## Information shown
────────
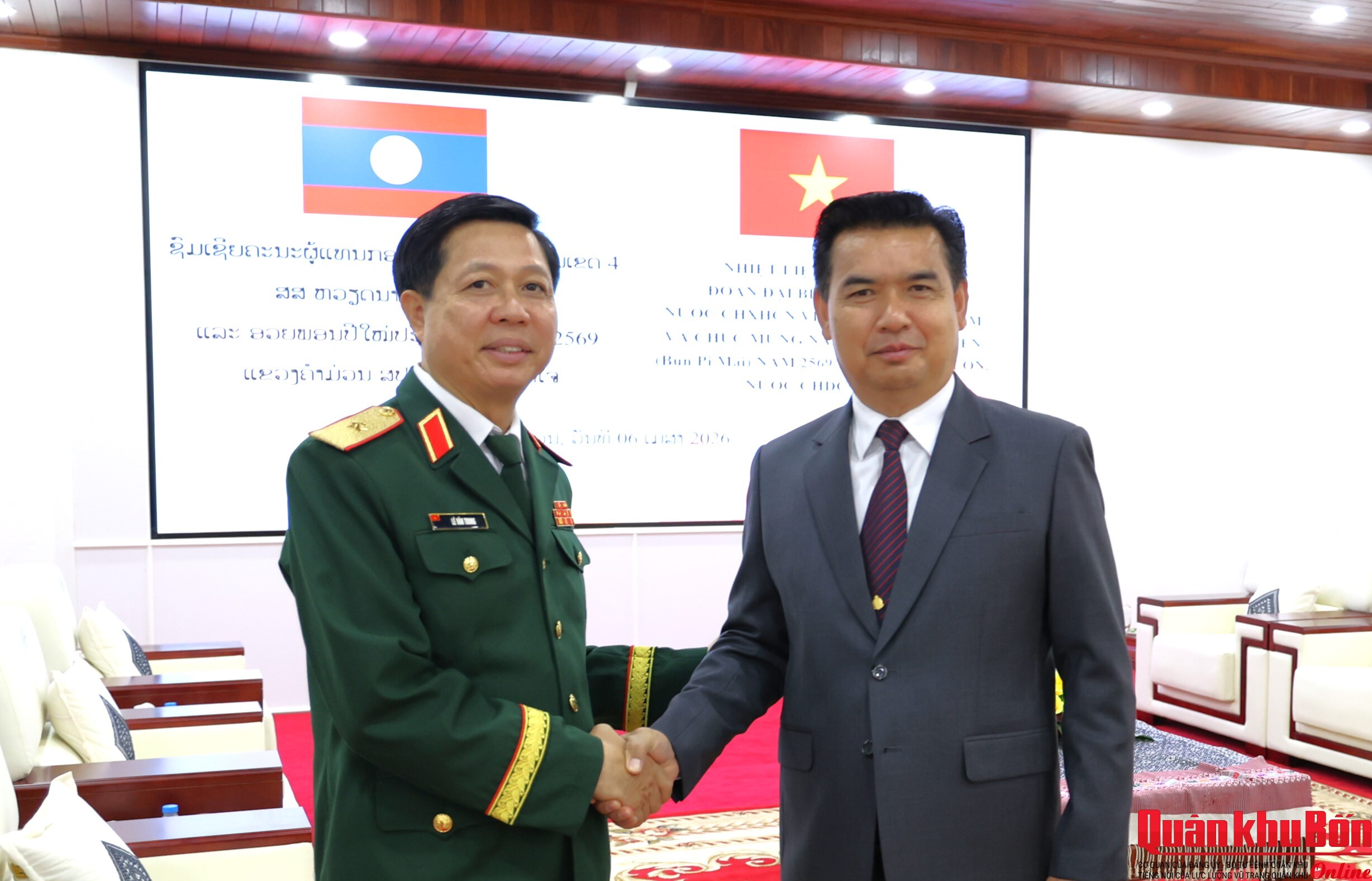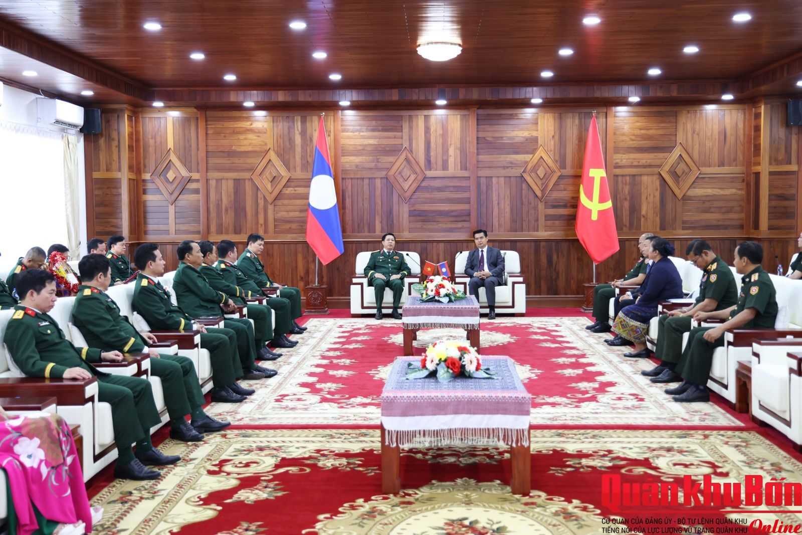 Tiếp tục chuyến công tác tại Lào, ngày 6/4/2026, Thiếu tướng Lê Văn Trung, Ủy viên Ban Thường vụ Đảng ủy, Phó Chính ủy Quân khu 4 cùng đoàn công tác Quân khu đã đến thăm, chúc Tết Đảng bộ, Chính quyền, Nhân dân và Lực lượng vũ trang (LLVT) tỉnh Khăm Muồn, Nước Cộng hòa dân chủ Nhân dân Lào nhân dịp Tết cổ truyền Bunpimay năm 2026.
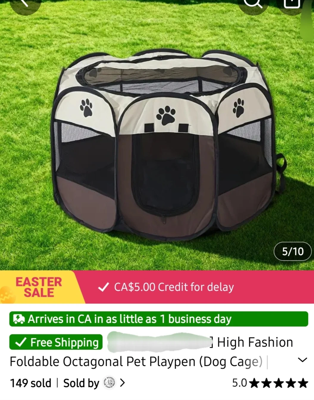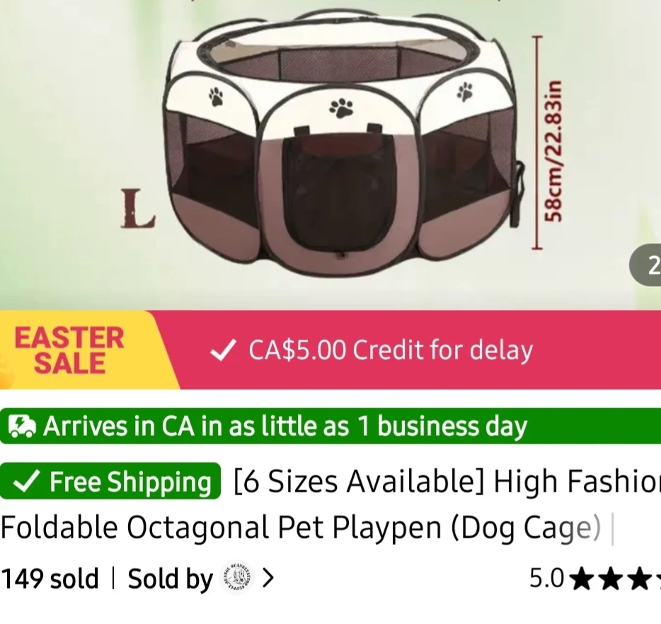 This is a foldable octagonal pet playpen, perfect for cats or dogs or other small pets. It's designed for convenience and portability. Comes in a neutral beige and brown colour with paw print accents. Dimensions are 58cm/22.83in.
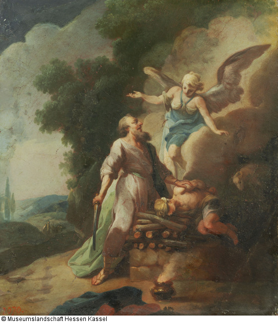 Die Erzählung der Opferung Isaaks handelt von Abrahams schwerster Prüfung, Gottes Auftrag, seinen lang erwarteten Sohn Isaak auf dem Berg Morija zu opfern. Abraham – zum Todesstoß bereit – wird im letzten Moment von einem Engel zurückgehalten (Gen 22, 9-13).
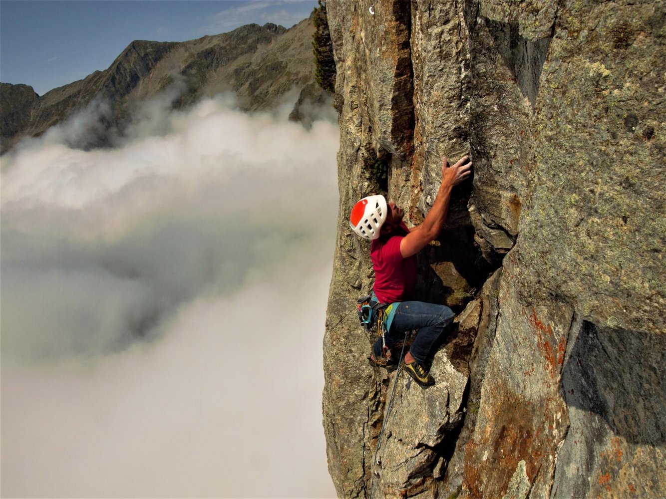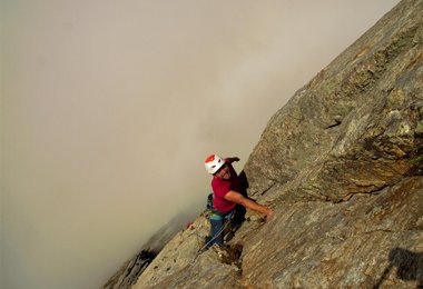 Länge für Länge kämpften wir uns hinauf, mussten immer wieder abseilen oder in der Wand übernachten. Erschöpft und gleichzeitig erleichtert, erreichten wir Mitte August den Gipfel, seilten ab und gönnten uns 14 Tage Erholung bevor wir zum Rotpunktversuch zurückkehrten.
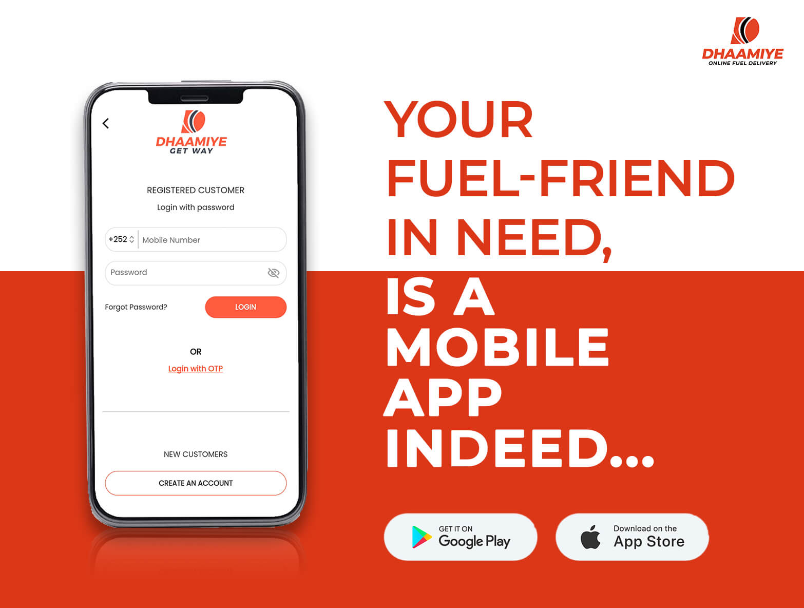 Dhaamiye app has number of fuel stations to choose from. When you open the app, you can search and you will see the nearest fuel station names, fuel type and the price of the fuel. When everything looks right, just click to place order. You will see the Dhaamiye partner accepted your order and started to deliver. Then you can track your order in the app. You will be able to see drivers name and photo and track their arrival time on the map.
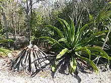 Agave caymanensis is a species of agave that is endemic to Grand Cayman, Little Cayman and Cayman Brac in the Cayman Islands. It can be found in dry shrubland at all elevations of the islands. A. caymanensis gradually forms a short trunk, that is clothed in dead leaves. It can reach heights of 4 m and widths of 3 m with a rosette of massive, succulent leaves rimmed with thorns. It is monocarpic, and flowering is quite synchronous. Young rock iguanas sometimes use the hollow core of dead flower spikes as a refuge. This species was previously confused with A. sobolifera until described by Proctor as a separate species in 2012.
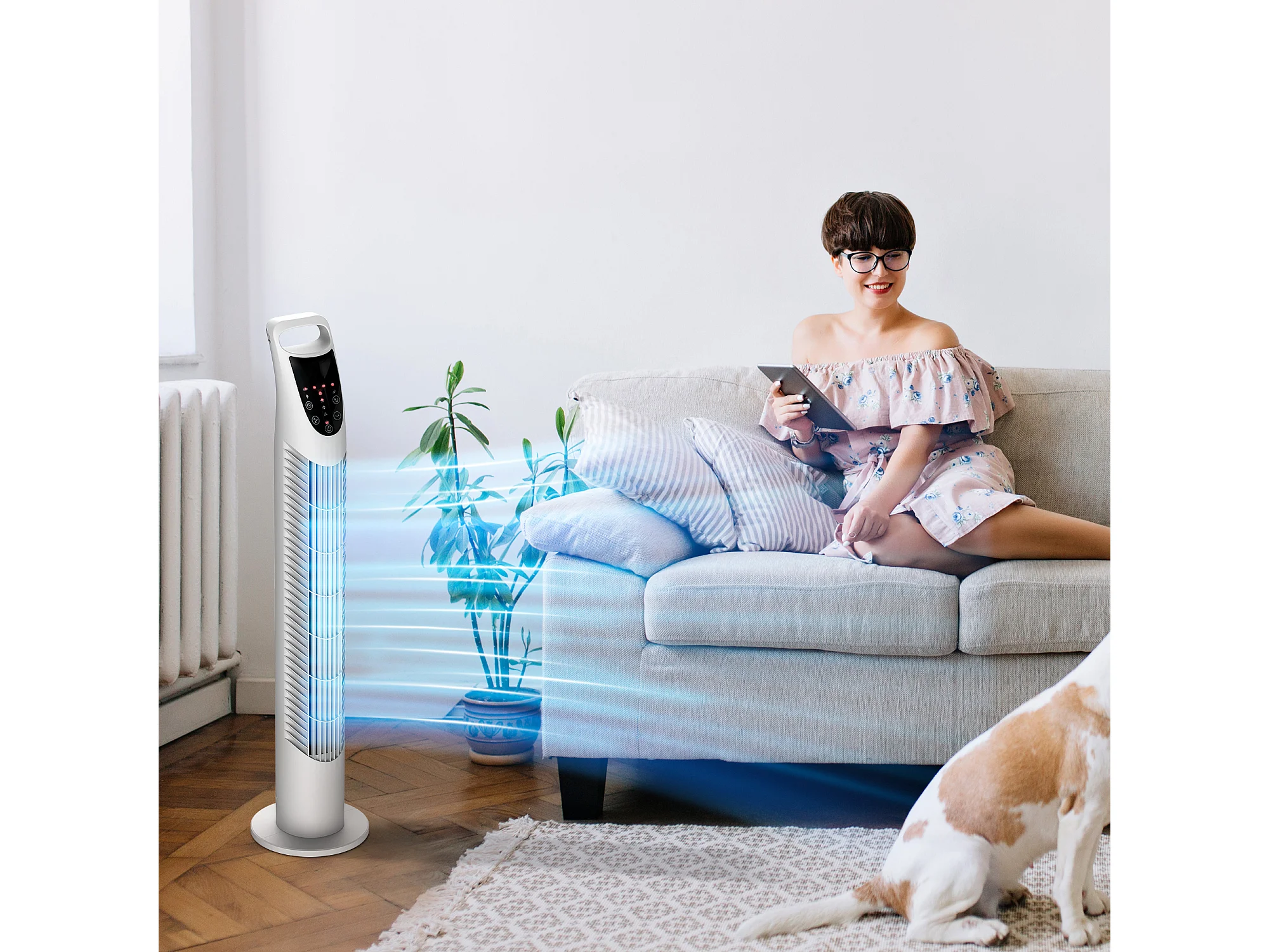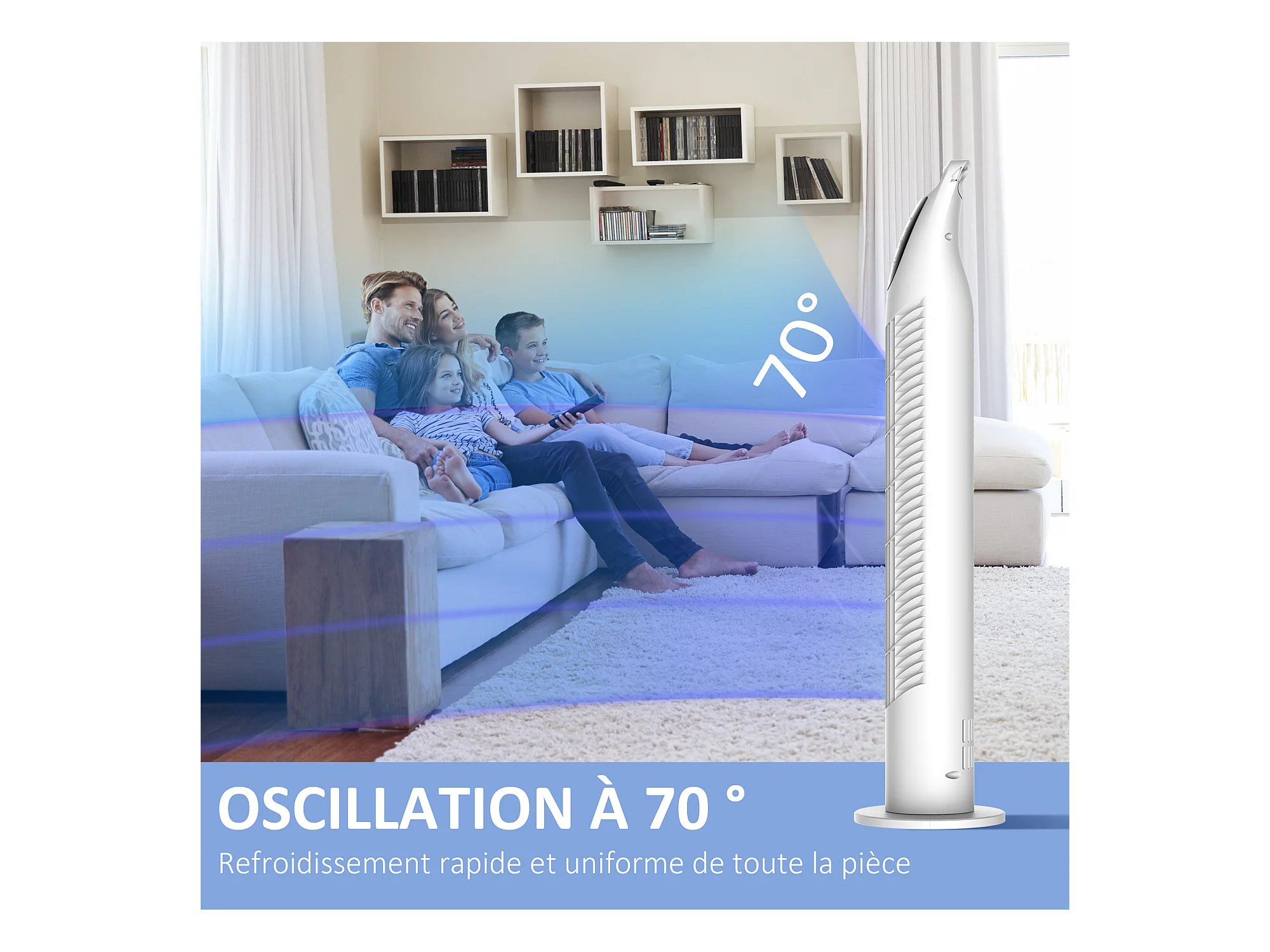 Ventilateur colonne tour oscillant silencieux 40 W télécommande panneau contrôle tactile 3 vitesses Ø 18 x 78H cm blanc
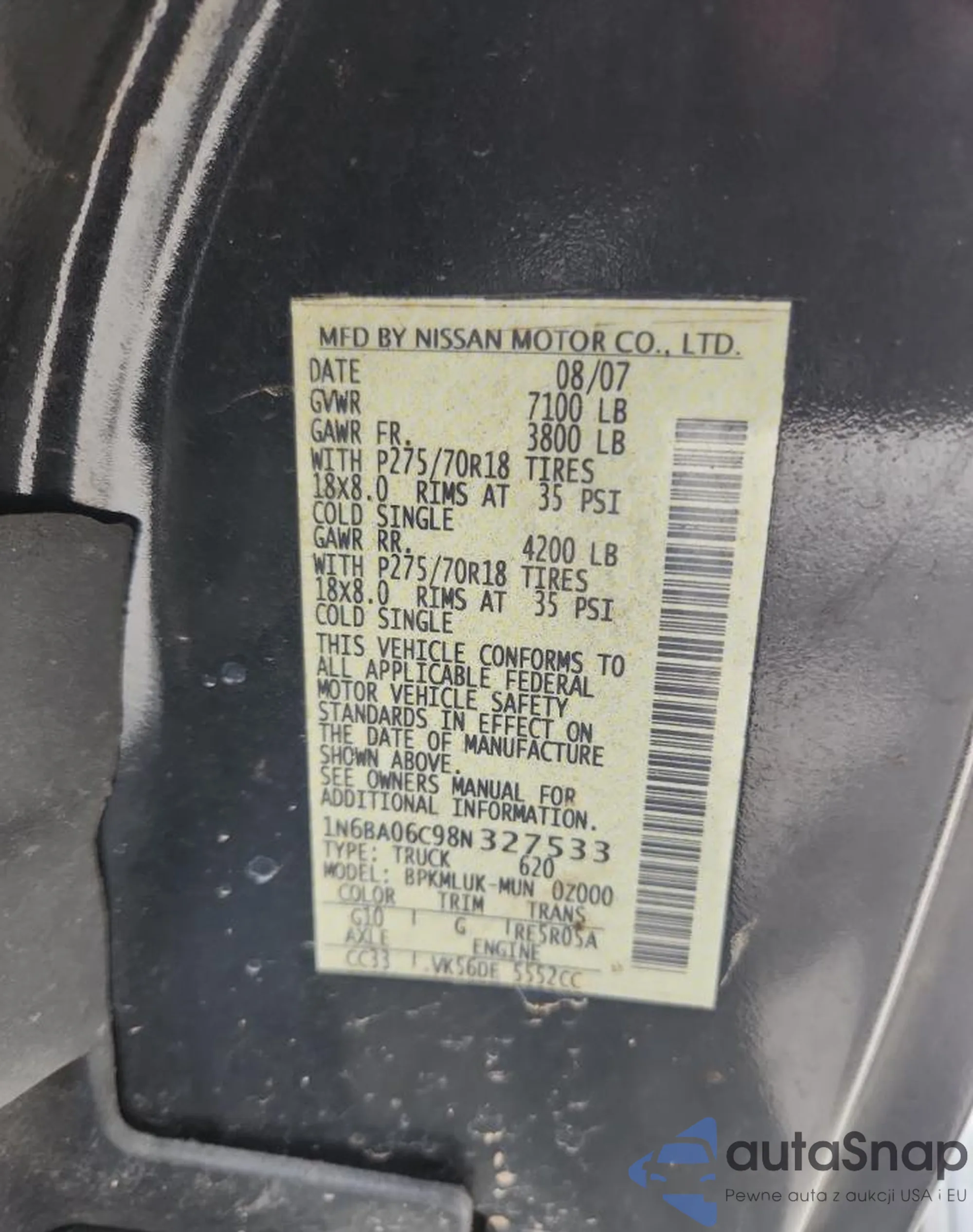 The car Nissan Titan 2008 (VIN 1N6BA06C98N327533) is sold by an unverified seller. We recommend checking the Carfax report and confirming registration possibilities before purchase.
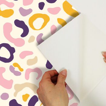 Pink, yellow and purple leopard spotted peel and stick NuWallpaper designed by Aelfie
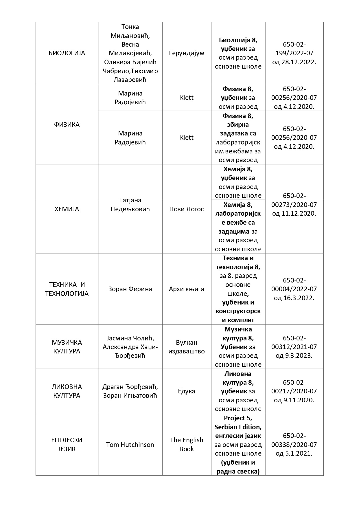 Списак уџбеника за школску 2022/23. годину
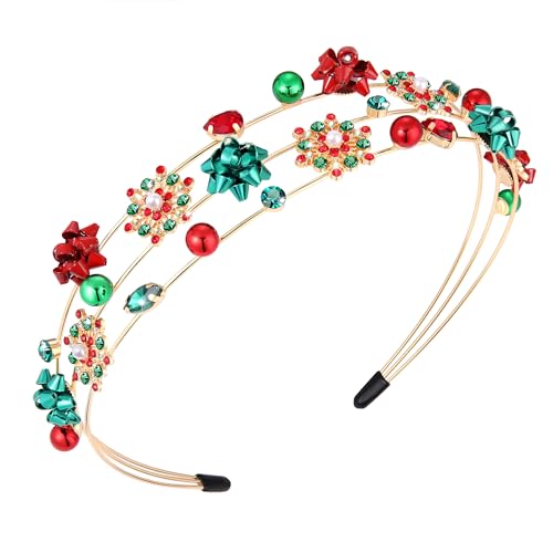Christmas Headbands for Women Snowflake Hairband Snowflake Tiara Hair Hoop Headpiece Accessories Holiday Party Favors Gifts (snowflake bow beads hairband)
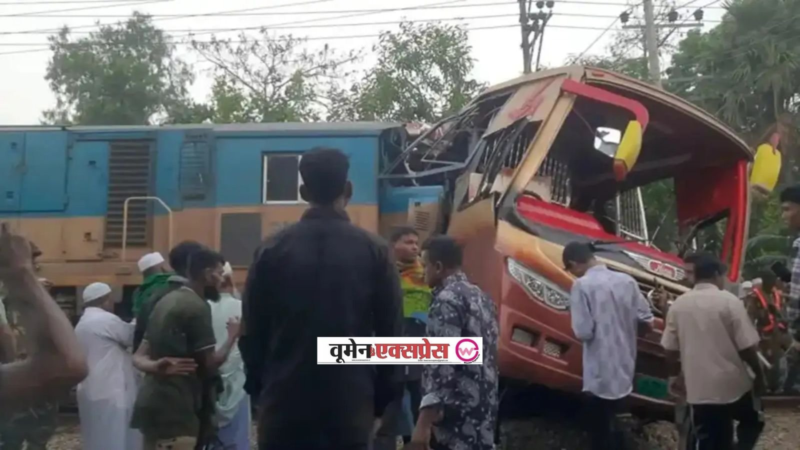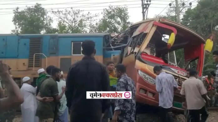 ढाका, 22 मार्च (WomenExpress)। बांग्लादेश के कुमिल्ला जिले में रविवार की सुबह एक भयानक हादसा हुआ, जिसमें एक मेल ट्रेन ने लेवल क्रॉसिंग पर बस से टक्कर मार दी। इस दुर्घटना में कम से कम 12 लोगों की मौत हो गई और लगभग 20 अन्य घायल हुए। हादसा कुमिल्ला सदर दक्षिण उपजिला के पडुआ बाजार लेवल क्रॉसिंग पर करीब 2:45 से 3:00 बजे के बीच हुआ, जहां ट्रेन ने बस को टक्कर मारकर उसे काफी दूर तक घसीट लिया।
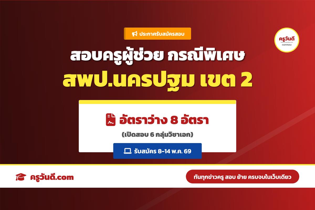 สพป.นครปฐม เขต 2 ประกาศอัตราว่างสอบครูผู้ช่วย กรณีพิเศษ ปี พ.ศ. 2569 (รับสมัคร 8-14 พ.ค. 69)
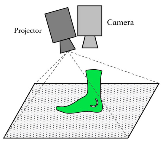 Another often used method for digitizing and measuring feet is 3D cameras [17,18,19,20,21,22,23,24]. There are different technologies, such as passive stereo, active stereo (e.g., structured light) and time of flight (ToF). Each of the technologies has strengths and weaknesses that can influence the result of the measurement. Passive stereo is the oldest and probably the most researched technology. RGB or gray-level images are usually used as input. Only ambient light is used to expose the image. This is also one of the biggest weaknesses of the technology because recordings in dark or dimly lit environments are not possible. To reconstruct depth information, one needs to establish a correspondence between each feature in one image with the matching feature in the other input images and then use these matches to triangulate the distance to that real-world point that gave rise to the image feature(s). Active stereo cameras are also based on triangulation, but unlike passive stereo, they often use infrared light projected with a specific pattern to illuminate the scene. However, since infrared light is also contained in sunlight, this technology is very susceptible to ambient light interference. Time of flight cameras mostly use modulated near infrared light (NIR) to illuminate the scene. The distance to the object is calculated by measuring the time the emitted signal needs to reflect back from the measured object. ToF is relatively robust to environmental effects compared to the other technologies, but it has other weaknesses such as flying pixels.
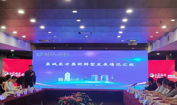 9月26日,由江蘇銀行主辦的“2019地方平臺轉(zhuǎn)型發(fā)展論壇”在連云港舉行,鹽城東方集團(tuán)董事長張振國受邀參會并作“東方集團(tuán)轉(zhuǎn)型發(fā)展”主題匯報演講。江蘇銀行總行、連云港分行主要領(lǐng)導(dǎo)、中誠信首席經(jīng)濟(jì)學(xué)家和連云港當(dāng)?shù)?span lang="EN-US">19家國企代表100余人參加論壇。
────────
## Exercise prompt
Copy nothing but the lines above from the one with "ढाका, 22 मार्च" to the one with "สพป.นครปฐม เขต 2", inclusive, word for word. Leave every picture out.

## Response below
 ढाका, 22 मार्च (WomenExpress)। बांग्लादेश के कुमिल्ला जिले में रविवार की सुबह एक भयानक हादसा हुआ, जिसमें एक मेल ट्रेन ने लेवल क्रॉसिंग पर बस से टक्कर मार दी। इस दुर्घटना में कम से कम 12 लोगों की मौत हो गई और लगभग 20 अन्य घायल हुए। हादसा कुमिल्ला सदर दक्षिण उपजिला के पडुआ बाजार लेवल क्रॉसिंग पर करीब 2:45 से 3:00 बजे के बीच हुआ, जहां ट्रेन ने बस को टक्कर मारकर उसे काफी दूर तक घसीट लिया।
 สพป.นครปฐม เขต 2 ประกาศอัตราว่างสอบครูผู้ช่วย กรณีพิเศษ ปี พ.ศ. 2569 (รับสมัคร 8-14 พ.ค. 69)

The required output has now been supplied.